▸ **Task**
Begin at the line below that has "Conjunto Para Banheiro" and stop after the line that has "Eerst maken we". Please restate only those lines, word for word.
Records shown section start
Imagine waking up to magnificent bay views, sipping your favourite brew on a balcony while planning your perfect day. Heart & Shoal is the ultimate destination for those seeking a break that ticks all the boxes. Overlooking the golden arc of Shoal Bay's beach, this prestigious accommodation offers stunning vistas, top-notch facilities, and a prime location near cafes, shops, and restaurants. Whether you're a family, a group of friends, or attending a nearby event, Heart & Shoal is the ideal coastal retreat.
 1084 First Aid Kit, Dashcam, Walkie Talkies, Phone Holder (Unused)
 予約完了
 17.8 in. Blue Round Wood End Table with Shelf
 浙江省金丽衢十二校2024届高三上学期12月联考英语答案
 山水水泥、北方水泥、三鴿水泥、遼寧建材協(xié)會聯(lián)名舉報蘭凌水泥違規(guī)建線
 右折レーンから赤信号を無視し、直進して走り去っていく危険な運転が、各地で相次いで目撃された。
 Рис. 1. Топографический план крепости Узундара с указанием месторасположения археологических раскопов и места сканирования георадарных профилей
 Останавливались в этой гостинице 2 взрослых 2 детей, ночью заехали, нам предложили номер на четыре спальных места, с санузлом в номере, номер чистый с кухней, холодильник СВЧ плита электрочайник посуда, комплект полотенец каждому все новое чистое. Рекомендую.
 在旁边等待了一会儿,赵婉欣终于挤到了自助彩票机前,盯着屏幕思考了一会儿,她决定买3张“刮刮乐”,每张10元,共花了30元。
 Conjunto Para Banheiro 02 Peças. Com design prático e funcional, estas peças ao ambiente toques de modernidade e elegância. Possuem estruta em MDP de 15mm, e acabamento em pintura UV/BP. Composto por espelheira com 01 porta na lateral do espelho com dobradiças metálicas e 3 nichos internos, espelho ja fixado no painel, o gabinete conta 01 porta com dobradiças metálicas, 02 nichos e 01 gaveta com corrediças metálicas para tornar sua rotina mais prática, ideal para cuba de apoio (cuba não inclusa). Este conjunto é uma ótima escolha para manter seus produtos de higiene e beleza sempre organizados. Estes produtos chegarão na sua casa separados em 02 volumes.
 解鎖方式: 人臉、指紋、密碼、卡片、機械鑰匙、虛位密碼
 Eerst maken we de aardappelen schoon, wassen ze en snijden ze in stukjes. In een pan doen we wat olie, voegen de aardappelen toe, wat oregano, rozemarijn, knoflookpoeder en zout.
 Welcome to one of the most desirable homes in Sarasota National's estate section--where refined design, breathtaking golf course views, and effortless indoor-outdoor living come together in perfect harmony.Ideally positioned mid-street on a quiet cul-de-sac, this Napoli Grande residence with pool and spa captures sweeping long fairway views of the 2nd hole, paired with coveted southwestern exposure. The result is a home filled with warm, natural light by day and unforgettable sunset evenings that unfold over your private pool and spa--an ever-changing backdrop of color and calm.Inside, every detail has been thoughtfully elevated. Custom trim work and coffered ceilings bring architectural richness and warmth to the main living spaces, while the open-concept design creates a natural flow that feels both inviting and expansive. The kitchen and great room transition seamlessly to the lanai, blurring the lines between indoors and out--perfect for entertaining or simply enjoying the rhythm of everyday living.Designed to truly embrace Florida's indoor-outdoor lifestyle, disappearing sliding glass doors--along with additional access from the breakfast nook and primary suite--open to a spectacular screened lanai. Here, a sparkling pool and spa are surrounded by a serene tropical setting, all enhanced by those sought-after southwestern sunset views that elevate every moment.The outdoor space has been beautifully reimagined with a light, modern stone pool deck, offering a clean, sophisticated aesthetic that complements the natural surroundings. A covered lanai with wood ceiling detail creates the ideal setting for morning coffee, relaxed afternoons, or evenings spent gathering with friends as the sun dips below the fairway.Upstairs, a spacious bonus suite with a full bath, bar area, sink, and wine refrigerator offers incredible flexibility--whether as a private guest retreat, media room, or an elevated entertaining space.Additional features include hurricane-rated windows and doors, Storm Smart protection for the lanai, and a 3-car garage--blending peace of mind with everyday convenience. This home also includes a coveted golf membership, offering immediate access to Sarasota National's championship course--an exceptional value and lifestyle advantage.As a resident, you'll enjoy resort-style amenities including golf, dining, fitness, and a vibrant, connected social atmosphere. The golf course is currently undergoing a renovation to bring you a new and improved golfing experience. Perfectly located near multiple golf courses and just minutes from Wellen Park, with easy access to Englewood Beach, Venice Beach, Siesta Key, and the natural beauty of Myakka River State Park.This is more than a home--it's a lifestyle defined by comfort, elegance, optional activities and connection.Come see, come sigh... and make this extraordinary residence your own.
Records shown section end
▸ **Solution to this problem**
 Conjunto Para Banheiro 02 Peças. Com design prático e funcional, estas peças ao ambiente toques de modernidade e elegância. Possuem estruta em MDP de 15mm, e acabamento em pintura UV/BP. Composto por espelheira com 01 porta na lateral do espelho com dobradiças metálicas e 3 nichos internos, espelho ja fixado no painel, o gabinete conta 01 porta com dobradiças metálicas, 02 nichos e 01 gaveta com corrediças metálicas para tornar sua rotina mais prática, ideal para cuba de apoio (cuba não inclusa). Este conjunto é uma ótima escolha para manter seus produtos de higiene e beleza sempre organizados. Estes produtos chegarão na sua casa separados em 02 volumes.
 解鎖方式: 人臉、指紋、密碼、卡片、機械鑰匙、虛位密碼
 Eerst maken we de aardappelen schoon, wassen ze en snijden ze in stukjes. In een pan doen we wat olie, voegen de aardappelen toe, wat oregano, rozemarijn, knoflookpoeder en zout.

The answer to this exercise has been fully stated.